Any response to an emergency medical situation will depend strongly on the situation, the patient involved and availability of resources to help them. It will also vary depending on whether the emergency occurs whilst in hospital under medical care, or outside of any care (for instance, in the street)


For emergencies starting outside of medical care, a key component of providing proper care is to summon the emergency medical services (usually an ambulance), by calling for help using the appropriate local emergency telephone number, such as 911 or 999. The emergency dispatchers will generally run through a questioning system such as AMPDS in order to assess the priority level of the call, along with the caller's name and location.

Those trained to perform first aid can act within the bounds of the knowledge they have, whilst awaiting the next level of definitive care. Those who are not able to perform first aid can also assist by remaining calm and staying with the injured or ill person. A common complaint of emergency service personnel is the propensity of people to crowd around the scene of victim, as it is generally unhelpful, making the patient more stressed, and obstructing the smooth working of the emergency services.

The principles of the chain of survival apply to medical emergencies where the patient has an absence of breathing and heartbeat.
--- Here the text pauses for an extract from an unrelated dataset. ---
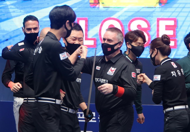 [브릴리언트 빌리아드=김철호 기자] 21일 고양 빛마루 방송센타에서 열린 신한금융투자 20-21 PBA 팀리그 3라운드 둘째날 두 번째경기 웰빙피닉스와 11승 무패의 TS.JDX의경기에서 어제 SK렌터카에 패하고 올라온 웰빙피닉스의 쿠드롱이 남자복식경기에서 2세트만에 혼자 15점을 따내며 완봉승을 거두었다

This involves the four stages of Early access, Early CPR, Early defibrillation and Early advanced life support

Unless the situation is particularly hazardous, and is likely to further endanger the patient, evacuating the victim requires special skills, and should be left to the professionals of the emergency medical and fire service.

Clinical response

Within hospital settings, an adequate staff is generally present to deal with the average emergency situation. Emergency medicine physicians have training to deal with most medical emergencies, and maintain CPR and ACLS certifications. In disasters or complex emergencies, most hospitals have protocols to summon on-site and off-site staff rapidly.

Both emergency room and inpatient medical emergencies follow the basic protocol of Advanced Cardiac Life Support. Irrespective of the nature of the emergency, adequate blood pressure and oxygenation are required before the cause of the emergency can be eliminated. Possible exceptions include the clamping of arteries in severe hemorrhage.